I believe both of them would advise that you consider separating your cash into two accounts, if you have enough.

Please don’t make yourself a target for crime by hoarding cash in your home! Natural disasters like fires, hurricanes & tornadoes can make your mattress a very bad choice, too. If you had to go to the hospital or long-term care your mattress would be the first place any thief would look (and some thieves are those you love & trust)

Account # (1) “emergency” account kept accessible to you in a local physical building (Brick-and-mortar). You will sleep better if you have 3 to 6 months of living expenses in a local brick-and-mortar institution. You can use the BankRate website to locate one if you don’t have one you like. Citizens Bank in TV might be a good choice for this. I also like Credit Unions. Insured balance (FDIC or others) only.

Account # (2) an FDIC insured account for the remainder of your cash nest egg. This account could be in the same institution as the emergency account but a separate account which might be a CD, Savings account, or a Money Market Interest bearing checking account. Whatever you choose with some interest. BankRate is a good resource to guide you to “higher” interest (nothing is really earning high interest these days but remember higher returns usually come with higher risk)

Why have the second account? Because it serves as your reserved “nest egg” It is not as likely that both accounts would be hacked. And you are less likely to carelessly spend the reserved funds. #2 may not be quite as readily available for you to use in case of an emergency—especially if it’s invested in a Certificate of Deposit (CD) which could have penalties for early withdrawal. The account may or may not be local
but I would set up electronic transfers from account #2 to #1 just in case you ever need to do that.

Oh and a bit of fantastic advice from my Wise Old Dad...when opening any new individually-owned accounts, always name a beneficiary (some financial institutions allow up to 3) on each new account.

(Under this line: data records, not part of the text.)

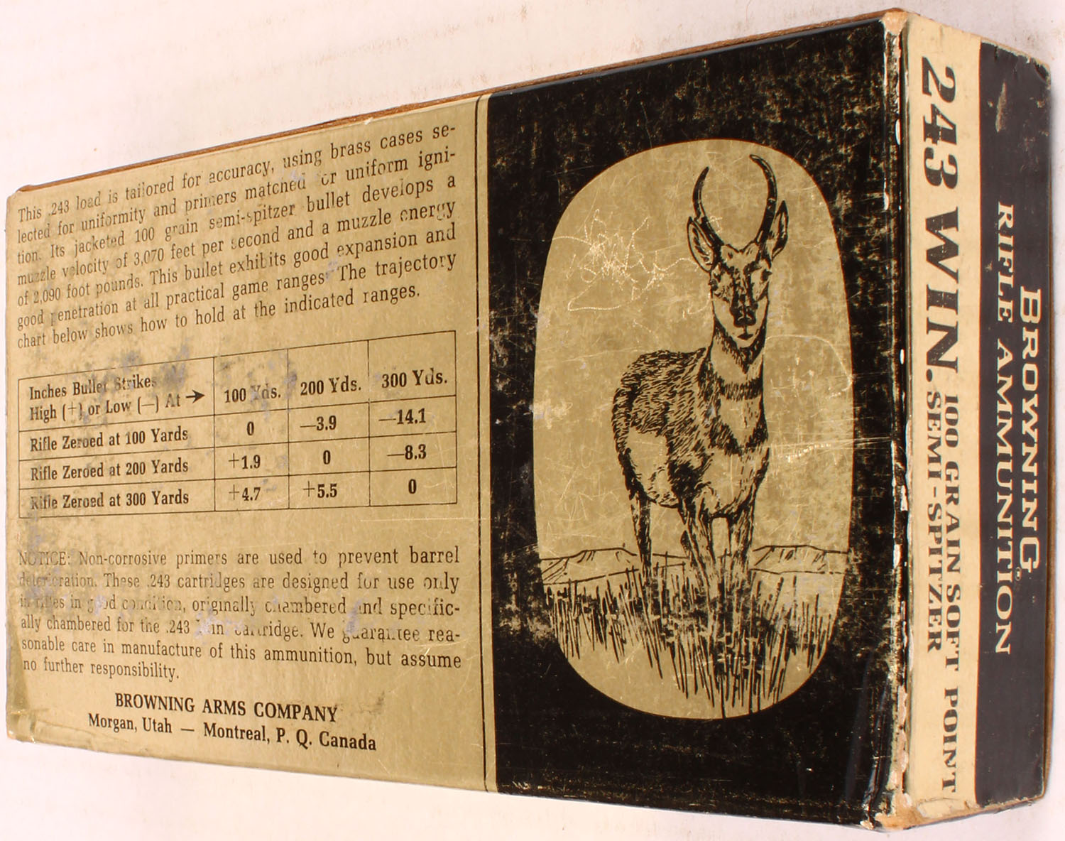 Browning, 243 Win, 100 Grain Soft Point Semi-Spitzer, Full with 2rds being fired brass, 1pc., multi-colored box, box is solid with shelf wear, Ammo is excellent. Grade: Excellent + - Value: 20 to 60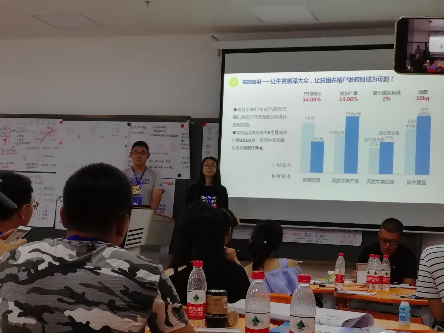 在创业项目路演PK中,张艺琳携团队的《天然牛黄高效培植新技术应用》项目从众多优秀项目中脱颖而出,进入路演终极PK环节,获得在场投资人的充分肯定,不仅北京大学创业导师、云投汇(互联网直投平台)创始人兼CEO、中科招商执行副总裁曹刚,以及2016全国创业英雄十强、新疆思仲生物科技有限公司董事长(创始人)、bat365官网校友朱铭强单独对项目进行了细致的指导;而且在路演PK后与被誉为“肉牛养殖全国第一”的内蒙古自治区通辽市的肉牛资源进行了对接,还与其初步达成深度合作意向。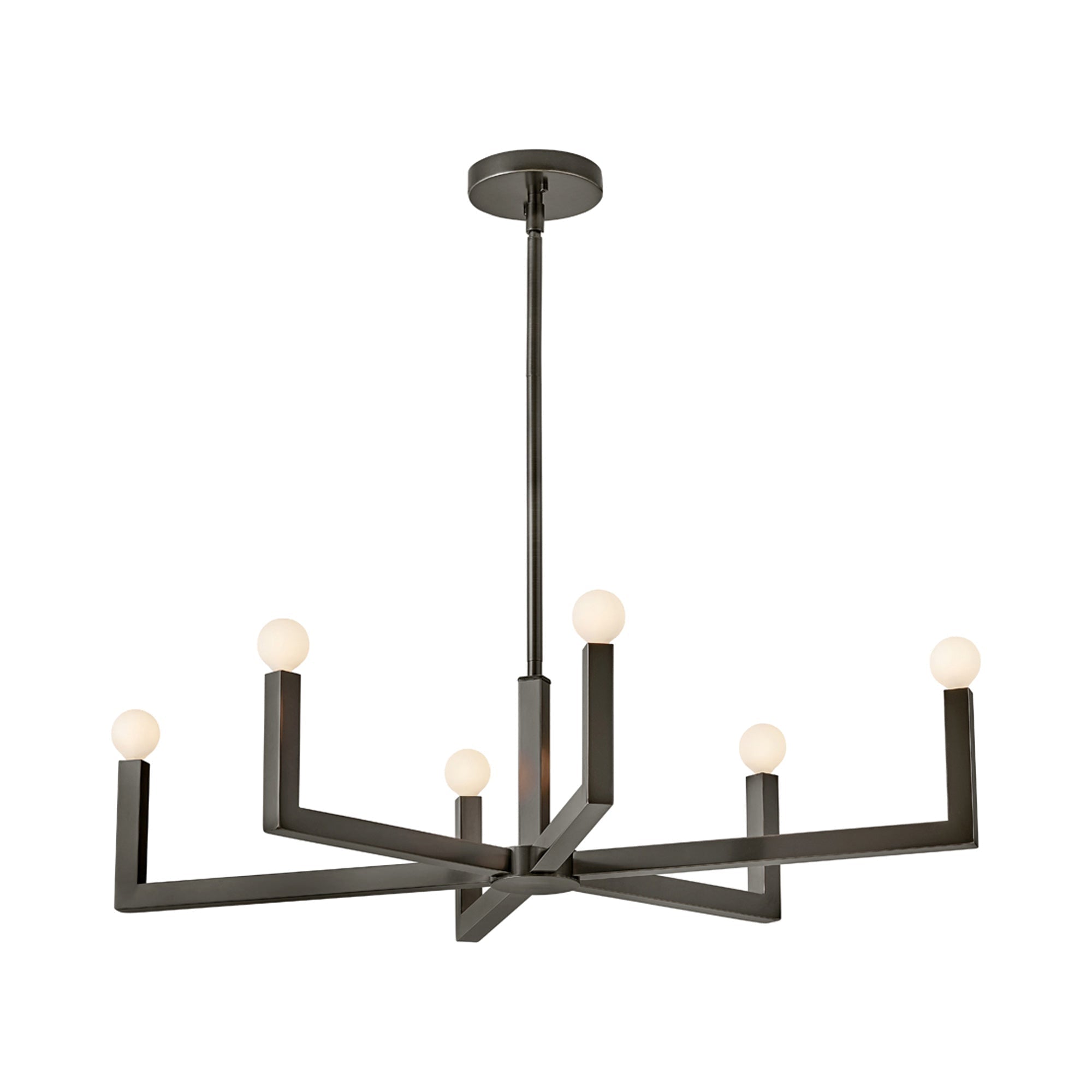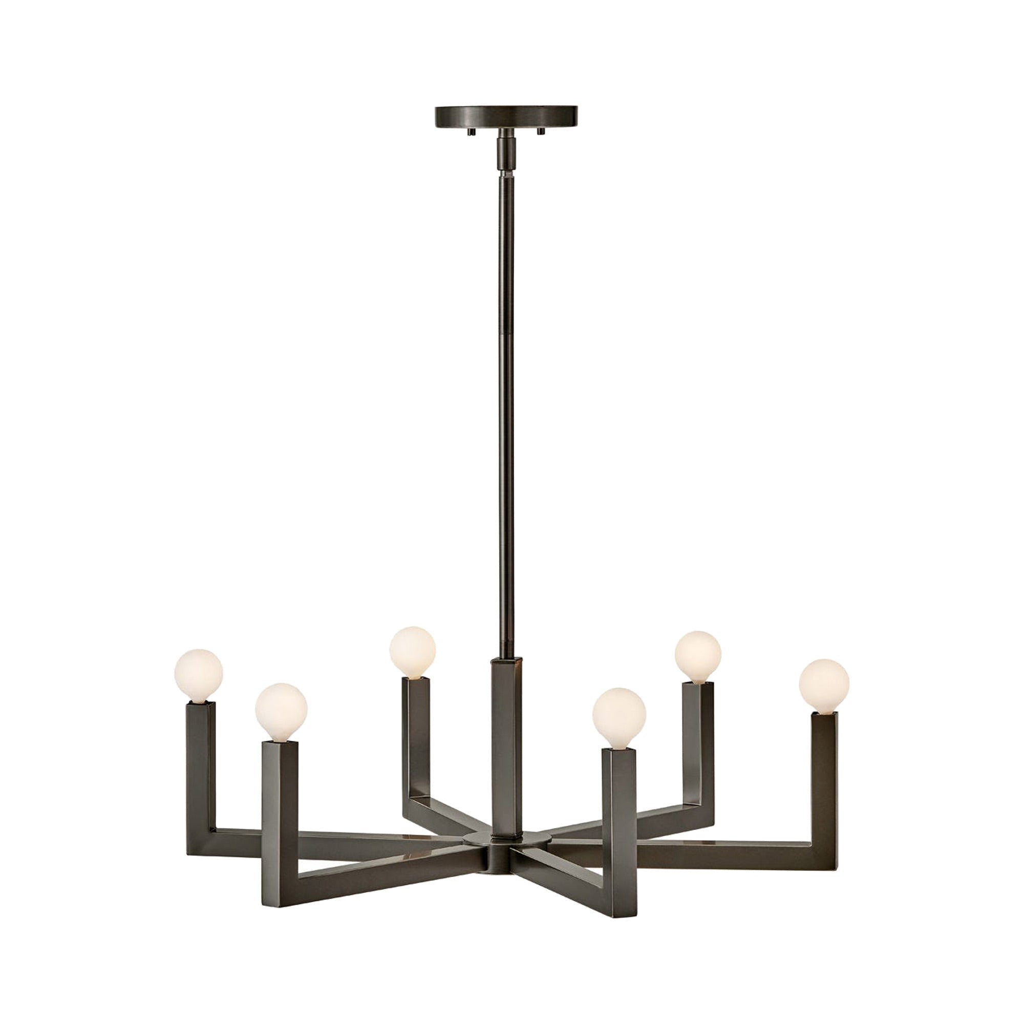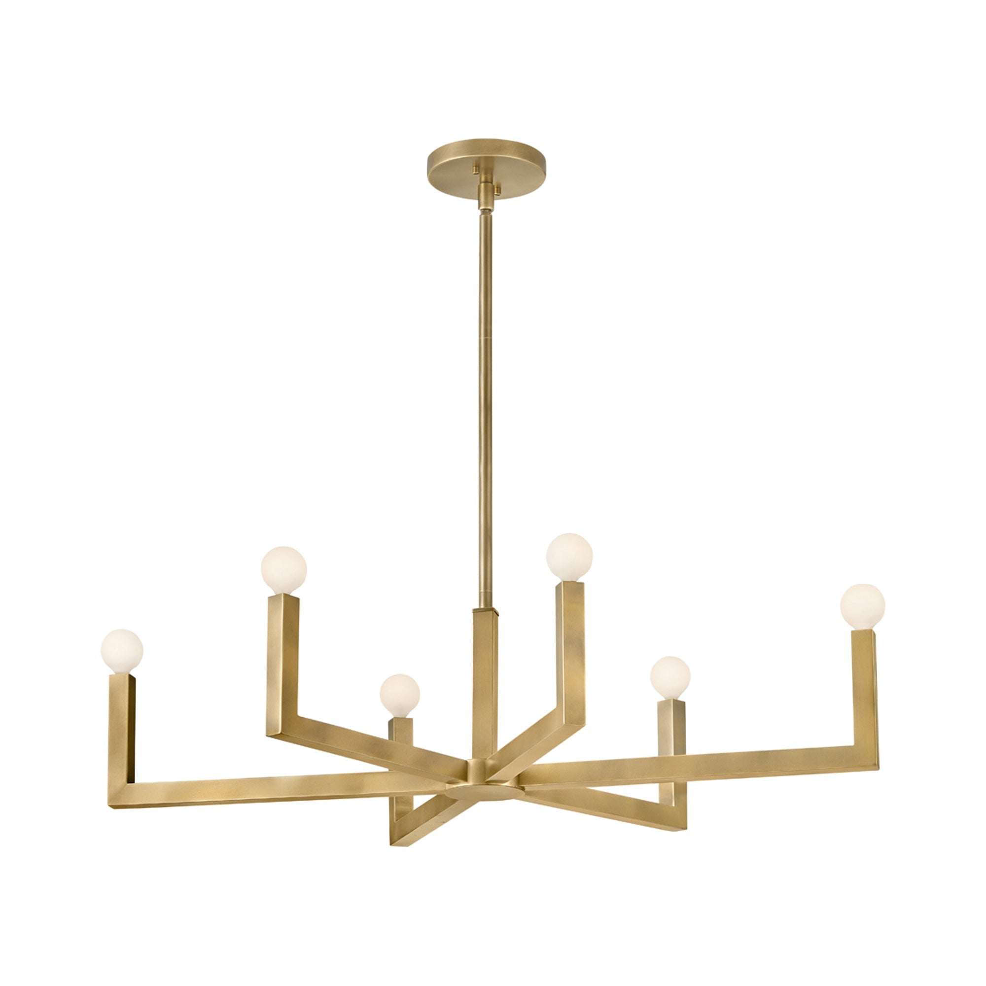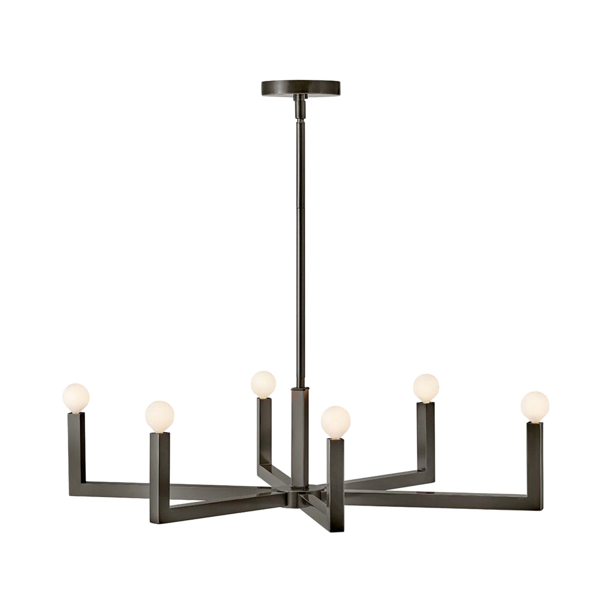 The Ezra family stunningly pairs minimalist elegance with industrial edge. Strong square arms set at 45° angles intersect to create a rounded chandelier and oval linear chandelier design in black oxide and heritage brass finishes.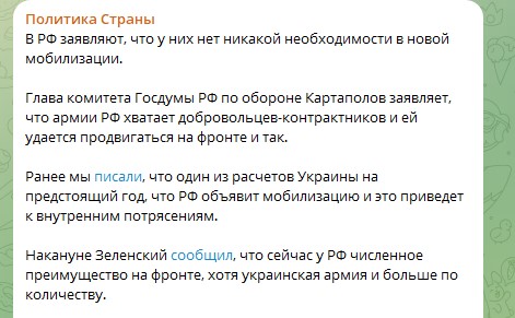 После очередной такой попытки долго им пришлось ждать и вот дождались. А чего именно? Да попросту слова "мобилизационный", сказанного из уст представителя власти. И тут, как говорится, понеслась: например, Telegram-канал "ЕЖ"* несколько раз публиковал комментарии на этот счёт, с едкой иронией назвав Алексея Журавлёва "неосторожным". Некоторые другие ресурсы и вовсе не стали вдаваться в подробности и запестрели заголовками: "Россиян призвали готовиться к мобилизации", "Жителям России сообщили о будущей мобилизации", "В России готовят новую волну мобилизации" и прочее. В свою очередь украинский ресурс "Страна" пишет прямо: "Один из расчётов Украины на предстоящий год, что РФ объявит мобилизацию и это приведёт к внутренним потрясениям".
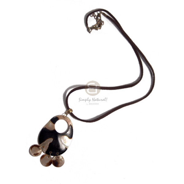 brown leather thong 50mmx40mm teardrop brownlip tiger dangling 12mm brownlip tiger buttons / 18in..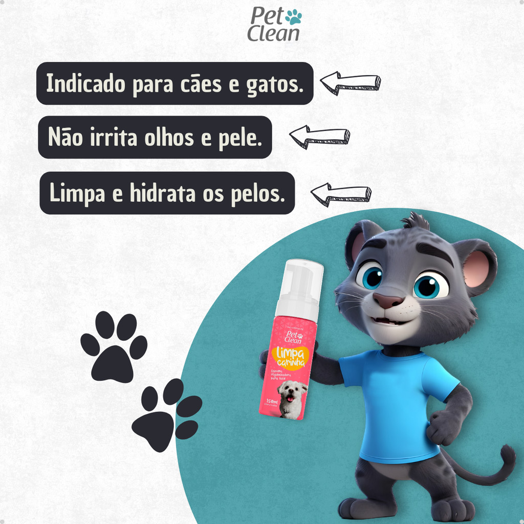 PERGUNTAS FREQUENTES POSSO UTILIZAR EM FILHOTES? É indicado para todas as idades, inclusive filhotes acima de 3 meses. OS PRODUTOS SÃO APLICADOS DA MESMA FORMA PARA CÃES E GATOS? Sim! A aplicação é a mesma para ambos animais. O QUE FAZER SE OS PRODUTOS TOCAREM OS OLHOS? Se vier a tocar os olhos, recomendamos que enxague com água em abundância. OS PRODUTOS SÃO HIPOALÉRGICOS? Não, apesar de não possuirem componentes nocivos e tóxicos aos animais, o produto não é especial para cães alérgicos. O QUE ACONTECE SE O CACHORRO OU GATO LAMBER O PRODUTO? Não indicamos o consumo do produto para nenhum animal. Porém, eventualmente caso o animal venha a ingerir o produto, não haverá nenhum risco para a saúde do mesmo. Mas, caso algum comportamento diferente ocorra, indicamos a consulta de um médico veterinário de sua confiança. Faça a limpeza e higienização da carinha do seu pet! Você sabia que não limpar a carinha de cães e gatos trazem riscos a longo prazo? Alergias, infecções, inflamações e outros problemas podem ser causados pelo excesso de cera. Para a limpeza correta da carinha de cães e gatos, é necessário um bom limpador! O Limpador de Carinhas para Cães e Gatos da Pet Clean é uma loção elaborada especialmente para facilitar a remoção de lágrimas e resíduos da face do pet. Simples, prático e eficiente, o limpador de carinha garante a limpeza e higienização total da carinha do seu amiguinho sem machucá-lo! BENEFÍCIOS DO LIMPADOR DE CARINHA PET CLEAN: -Limpeza e remoção de residuos da região facial. -Neutraliza o odor. -PH balanceado. -Não agride o animal. -Indicado para cães e gatos. INFORMAÇÕES TÉCNICAS: Produto: Limpador de Carinhas para Cães e Gatos Pet Clean - 150ml Marca: Pet Clean Tipo: Farmácia Animal: Cachorros e Gatos Porte: Pequeno, Médio e Grande. Raça Específica: Não Sexo Específico: Não Itens Inclusos: Limpador de Carinhas para Cães e Gatos Pet Clean - 150ml Apresentação: Frasco em Plástico Composição: Cocoamidopropibetaína, Lauril sarcosinato de sódio, Extrato de camomila, Manteiga de murumuru, Fragância e veículo Q.S.P. MODO DE USAR Aplique o produto diretamente no pelo ou pele do pet e espalhe por toda a área desejada e com o auxilio de um pano limpo e seco, retire a sujidades secas e úmidas, retire o excesso do produto. Não é necessário enxague. Uso externo. PRECAUÇÕES Uso externo. Evite contato com os olhos e mucosas do animal. Manter em local fresco e seco, fora do alcance de crianças e animais domésticos. Caso houver a constatação de hipersensibilidade, suspender o uso. Não utilizar em filhotes com menos de 2 meses de vida. Manter longe de alimentos, medicamentos e produtos domésticos ou de higiene pessoal.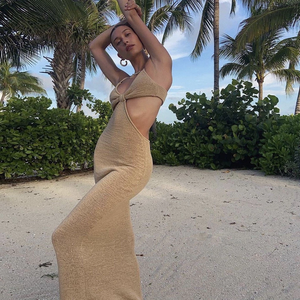 This cozy knit dress is a stunner all year around. Made of soft jersey and polyester in solid color, embellished with a mock-two-piece profile accented with a cut-out at the waist, featuring a crop top styling along with elastic shoulder straps, a bodycon fitting bodice hugging your curves like a glove, and ended up with the particularly long length. Find more unique women’s sweater dresses or trendy clothing in our boutique, and go for a tote bag and slides for a free-spirit beach vacation look.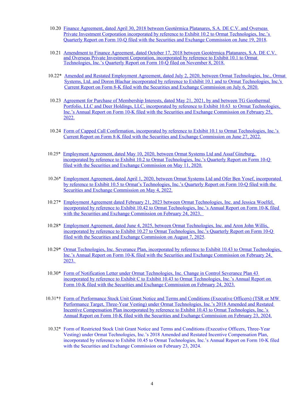 10.20《财务协议》,日期为2018年4月30日,由Geot é rmica Platanares,S.A. DEC.V.和Overseas Private Investment Corporation签订,该协议通过引用将附件 10.2并入Ormat Technologies, Inc.于2018年6月19日向美国证券交易委员会提交的表格10-Q的季度报告。10.21 Geot é rmica Platanares,S.A. DE C.V.和Overseas Private Investment Corporation于2018年10月17日对融资协议进行的修订,通过引用附件 10.1并入Ormat Technologies, Inc.于2018年11月8日提交的10-Q表格季度报告。10.22*Ormat Technologies, Inc.、Ormat Systems,Ltd.和Doron Blachar之间日期为2020年7月2日的经修订和重述的雇佣协议,这些协议通过引用附件 10.1和Ormat Technologies, Inc.于2020年7月6日向美国证券交易委员会提交的关于表格8-K的当前报告并入。10.23 TG Geothermal Portfolio,LLC和Deer Holdings,LLC于2021年5月21日签订的购买会员权益协议,该协议通过引用将附件 10.63并入Ormat Technologies, Inc.于2022年2月25日向美国证券交易委员会提交的10-K表格年度报告。10.24有上限的看涨确认表格,通过引用附件 10.1并入Ormat Technologies, Inc.于2022年6月27日向美国证券交易委员会提交的关于表格8-K的当前报告。10.25*Ormat Systems Ltd与Assaf Ginzburg于2020年5月10日签订的雇佣协议,该协议通过引用附件 10.2至Ormat Technologies, Inc.于2020年5月11日向美国证券交易委员会提交的表格10-Q的季度报告中的TERM1 10.2并入。10.26*Ormat Systems Ltd与Ofer Ben Yosef于2020年4月1日签订的雇佣协议,该协议通过引用附件 10.5并入Ormat’s Technologies,Inc.于2022年5月4日向美国证券交易委员会提交的10-Q表格季度报告。10.27*奥玛特科技,Inc.与Jessica Woelfel于2023年2月21日签订的雇佣协议,通过引用附件 10.42并入Ormat Technologies, Inc.于2023年2月24日向美国证券交易委员会提交的10-K表格年度报告。10.28*奥玛特科技,Inc.与Aron John Willis于2025年6月4日签订的雇佣协议,通过引用附件 10.27并入Ormat Technologies, Inc.于2025年8月7日向美国证券交易委员会提交的10-Q表格季度报告。10.29*Ormat Technologies, Inc.遣散费计划,该遣散费计划通过引用附件 10.43并入Ormat Technologies, Inc.于2023年2月24日向美国证券交易委员会提交的10-K表格年度报告。10.30*根据Ormat Technologies, Inc.变更控制权解除计划43提交的通知函表格,该通知函通过引用附件 C至Ormat Technologies, Inc.于2023年2月24日向美国证券交易委员会提交的表格10-K的年度报告的TERM3至TERM3的TERM3的TERM3的TERM3表格10.43并入。10.31*↓根据Ormat Technologies, Inc. 2018年经修订和重述的激励薪酬计划,绩效股票单位授予通知以及条款和条件(执行官)(TSR或MW绩效目标,三年归属)的表格,该表格通过引用附件 10.43并入Ormat Technologies, Inc.于2024年2月23日向美国证券交易委员会提交的10-K表格年度报告。10.32*根据Ormat Technologies, Inc. 2018年经修订和重述的激励薪酬计划的限制性股票授予通知以及条款和条件(执行官,三年归属)的表格,该表格通过引用Ormat Technologies, Inc.于2024年2月23日向美国证券交易委员会提交的表格10-K的年度报告中纳入附件 10.45。4

If you don’t have any beneficiaries already named on a pre-existing account, be sure to add them. That way when you die, (& we are all going to die) each account’s beneficiary(s) are entitled to get their portion of the remaining balance of your account by simply presenting your death certificate and their drivers license & SSN. Easy-peasy, no red tape, no waiting, free of taxes & without IRS reporting requirements. (For surviving spouses who had joint accounts, the survivor is the beneficiary who gets the balance.)

One last point: if you have signed up for electronic statements from your banks, IRAs, 401Ks, 403Bs or other investment accounts please keep at least one recently printed paper statement in your important belongings & make sure it is accessible to your heirs. Many people are unaware that electronic statements for online accounts are password-protected so they can be VERY difficult for your heirs to locate and/or claim. Most heirs only know about your affairs based on the paper trail you leave behind. I suspect that unclaimed accounts due to electronic-only statements will be a huge issue in the future. Grief & depression can make it exceptionally difficult for heirs to follow the breadcrumbs anyway.

Stay safe Villagers! I pray that very soon we will be enjoying “the lifestyle” again with a fresh burst of gratitude!